Zach LaVine on impending free agency: 'I should be getting what I deserve'

CLEVELAND — Perhaps no player can make a bigger jump in profile over the next three months than Chicago Bulls guard Zach LaVine.

He’s a two-time All-Star and for the first time in his career, on a bona fide playoff team with aspirations on making noise beyond the first round. He and DeMar DeRozan rank as one of the league’s best duos, a deadly perimeter 1-2 punch that will create matchup problems across the board.

And he’ll be a free agent in July — an unrestricted free agent. A big playoff run could erase any remaining doubts, if there are any.

“Free agency is gonna be a big milestone for me,” LaVine told Yahoo Sports. “It's my first time going into it really being [an] unrestricted free agent. I dealt with it being restricted before so it's a whole new experience.

“I'm excited for the season with the Bulls. But you know, moving forward, it's gonna be a whole new experience for me.”

He makes the distinction for a reason. It took the Sacramento Kings signing LaVine to a four-year, $78 million offer sheet in 2018 — the Bulls matched it, thus retaining his services — to get his first big contract.

LaVine was a year removed from ACL surgery, but there didn’t seem to be much doubt he would return to being a productive player. But he’s made critical jumps since then and is in line to have his salary reflect that, averaging 26 points, nearly five rebounds and five assists on 50% shooting and 41% from three over the last two seasons.

Zach LaVine has been an integral part of the Chicago Bulls' rise in the Eastern Conference this season. Now, he could be in line for a max contract during free agency this summer. (Brian Cassella/Chicago Tribune/Tribune News Service via Getty Images)
Zach LaVine has been an integral part of the Chicago Bulls' rise in the Eastern Conference this season. Now, he could be in line for a max contract during free agency this summer. (Brian Cassella/Chicago Tribune/Tribune News Service via Getty Images)

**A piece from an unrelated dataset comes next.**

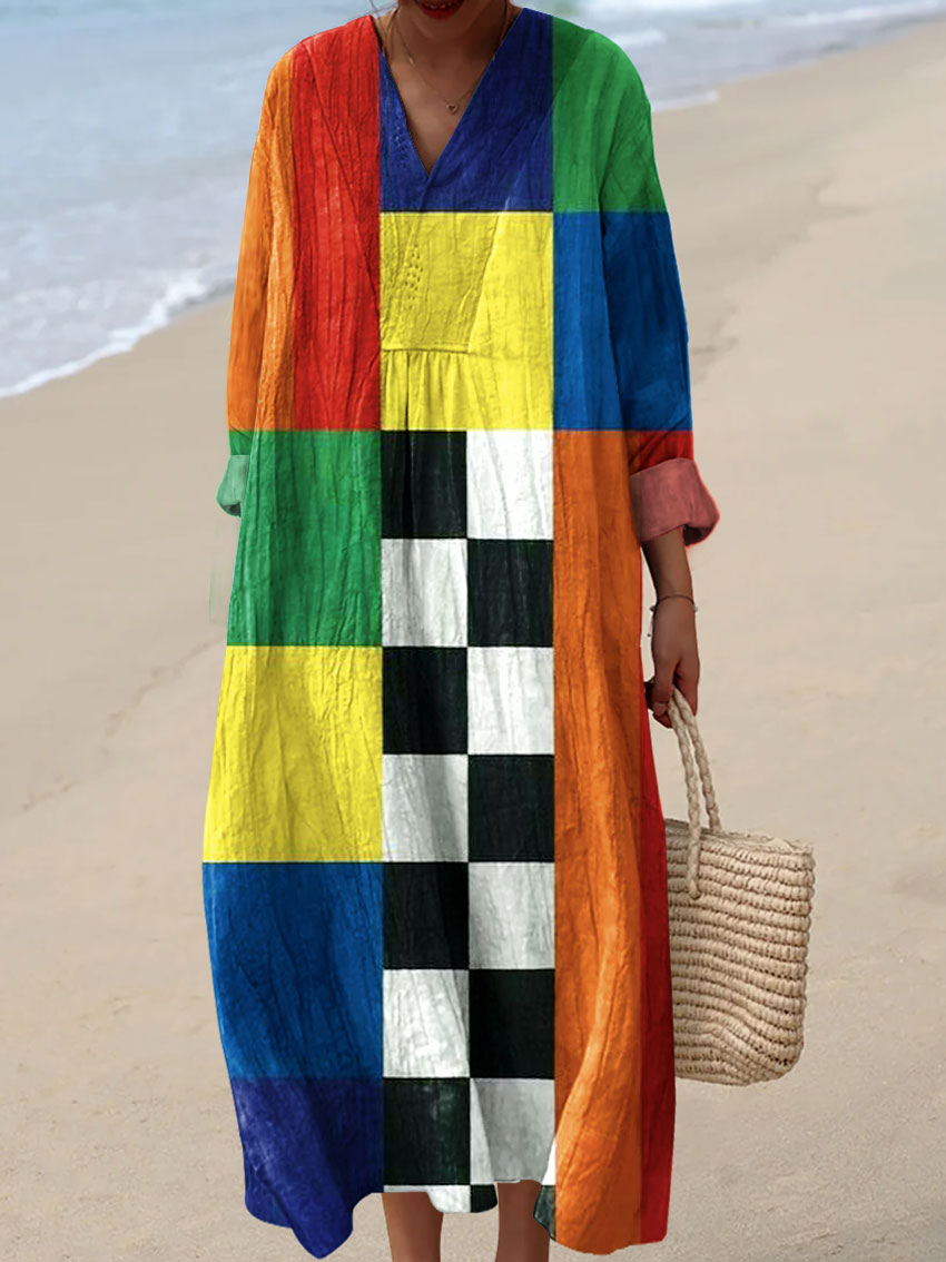 Women's Vintage Abstract Geometric Color Block Line Art Print Dress

He and DeRozan each have had moments in the clutch, and his production ranks favorably or a lot better than contemporaries Devin Booker, Bradley Beal and Jayson Tatum.

And that restricted free agency experience sticks with him. He’s not on the Michael Jordan scale of petty or the Scottie Pippen scale of delusion, but he quietly craves the validation. LaVine is eligible for a five-year deal around $200 million this summer if he re-signs with the Bulls — and higher if he makes an All-NBA team. He can get a four-year deal around $160 million if he outright signs with another team.

“I remember everything now,” LaVine said, smiling. “I know it's a different front office, a different time. But I'm gonna take it day by day and let my agent handle it. But I remember everything. It's something — I always have a chip on my shoulder for multiple reasons.”

John Paxson and Gar Forman were running the front office in 2018, but have been replaced by Artūras Karnišovas as team president and Marc Eversley as general manager. The Bulls have quickly elevated to the top of the East, with shrewd trades and signings — and keeping LaVine as a rare holdover.

This regime keeps its strategy a mystery, but LaVine is making a case for a max contract — which he won’t definitively say but won’t deny, either.

“I think we all get what we deserve at the level we play at, for our team and around the league. I think I stack up with everybody at that level,” he said. “We’ll let the chips fall. Is the [max] the goal? I don’t know if it’s the goal, but I should be getting what I deserve.

“I’ll let them tell me what that is and we’ll go from there.”

July is five months away. The more pressing issue is his left knee. He missed the last three games before the All-Star break and went to Los Angeles to see a specialist, but was relieved the results determined the situation is more manageable than severe.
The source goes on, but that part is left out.